Competing archiving solutions, on the other hand, are based on a single storage platform, or consist of low-cost clustered servers with internal storage that lead to reliability issues as they scale upward in capacity, Zaheer said.

"With our system, our servers are only used for content access and management, and so the storage scales as it is needed," he said.

That scalability across multiple platforms is an important differentiator, said Dave Cerniglia, president of Consiliant Technologies, an Irvine, Calif.-based solution provider and HDS partner.

"It's pretty consistent with Hitachi's technology," Cerniglia said. "They want to standardize their software across all their platforms. By originally limiting it to WMS100, it was a limited package like EMC's Centera. But Hitachi bought Archivas, which always worked on multiple products."

It also simplifies the job of solution providers to make HCAP available across multiple arrays, and not be limited to a single storage platform, Cerniglia said.
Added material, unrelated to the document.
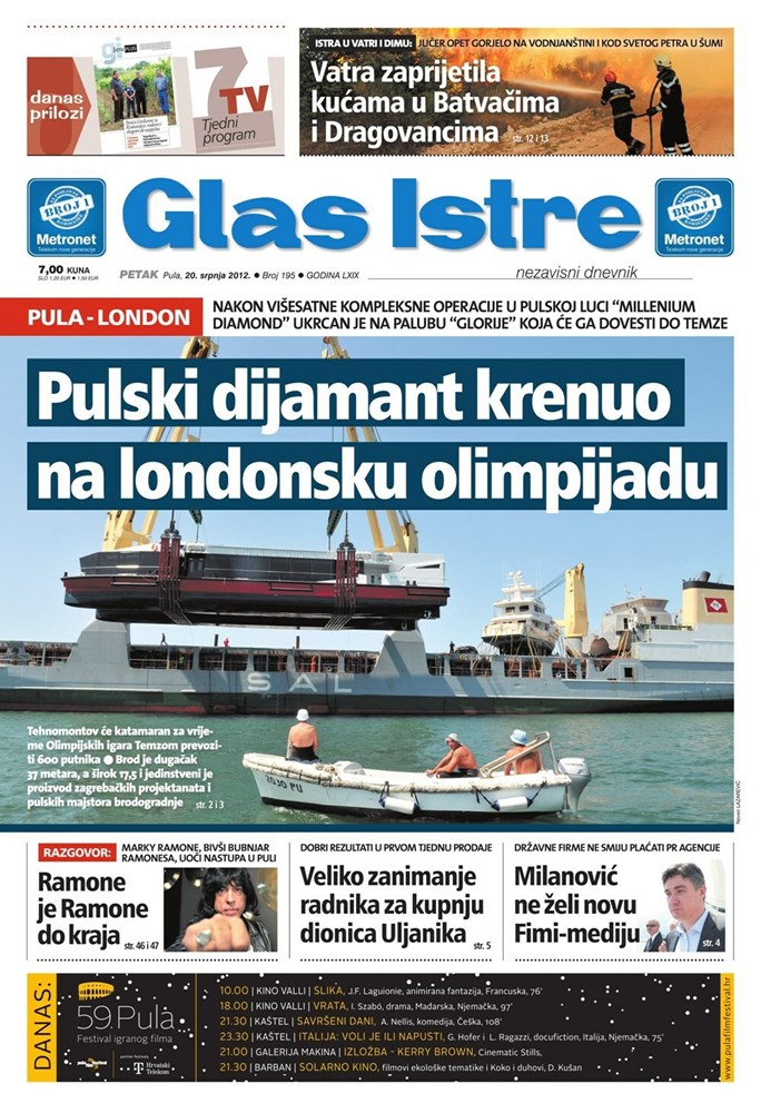 Prije točno 13 godina na današnji dan, Istra je živjela dinamično ljeto ispunjeno vijestima s mora, s požarišta i s kulturnih pozornica. U Puli se tada odvijala zahtjevna operacija ukrcaja broda "Millenium Diamond" koji će se upisati u povijest istarskog brodogradilišta Tehnomont. Vijest da će katamaran koji je svoje ime dobio jer izgledom podsjeća na dijamant, za vrijeme Olimpijade prevoziti Londončane i posjetitelje britanske prijestolnice, bila je glavna vijest Glasa Istre tog dana.

"Why complicate the channel?" he said. "Make it available on multiple platforms. Generally speaking, people are trying to understand the data they have and put a value on it. As they classify the data, they find the data has a certain time for which it is more valuable. So they move it to an archive. Hitachi has the technology to archive the data and search for it."

Also new with HCAP is automatic AES encryption of the content, metadata and search index of files sent to the archive, Zaheer said. Encryption key management is handled by a patent-pending HDS implementation of what is known in the security industry as "secret sharing," under which the key is broken up among the various members of the archiving solution so that all members must be active for the key to work.

"Other companies need external key management solutions," Zaheer said. "So the encryption key is sitting on the outside."

HDS also added optional deduplication, or dedupe, capability to decrease the amount of capacity required to store archived information, Zaheer said. Duplicate files are removed and replaced with a pointer pointing to one copy of the files.

HDS hashes a unique object for each deduped file, and then does a binary comparison between deduped files to prevent "collision," which could possibly happen when two non-like files get hashed into the same object. Zaheer admitted he has never heard of an actual case of collision.

"But it's possible," he said. "Why not do binary comparison. This is an insurance policy."

While encryption is slowly becoming important for customers looking to protect their data, dedupe is huge, said Cerniglia.

"The cost advantage is important," he said. "As for collisions, I think there is some validity. What if there is actually a collision some day? What are the consequences? Hitachi sells reliability and integrity above all else."

Also new is automated object replication, which automatically replicates a data object as it is ingested into an archiving folder with this capability turned on, Zaheer said. In this case, the object is replicated with its encryption and then compressed, and then sent to another storage device, which may or may not be similar to the primary storage device, he said.

The HCAP can now scale up to 32 billion different objects, or to up to 400 million objects in each of up to 80 nodes in an archiving cluster, Zaheer said.

HDS has already signed 50 software partners since HCAP was released about a year ago, Zaheer said. The one major holdout is Documentum, the enterprise content management software acquired by HDS archrival EMC in 2003.

"We asked Documentum to participate in validating the HCAP solution," he said. "But they declined."

Other vendors offer solutions similar to HCAP. EMC, for instance, last April put together a unified archiving platform with software from several acquisitions, including e-mail archiving from Legato, document imaging from Captiva, report archiving from Acartus, and document management from Documentum, along with its own Centera line of content-addressable storage appliances.

Others include IBM's DR550 family of storage arrays for storing and securing regulated and nonregulated data, and Hewlett-Packard's HP StorageWorks Reference Information Storage System (RISS), an application-aware, content-based archiving array.

HCAP version 2.0 is expected to ship in mid-June.

"Most if not all HCAP solutions sold had a channel partner," Zaheer said.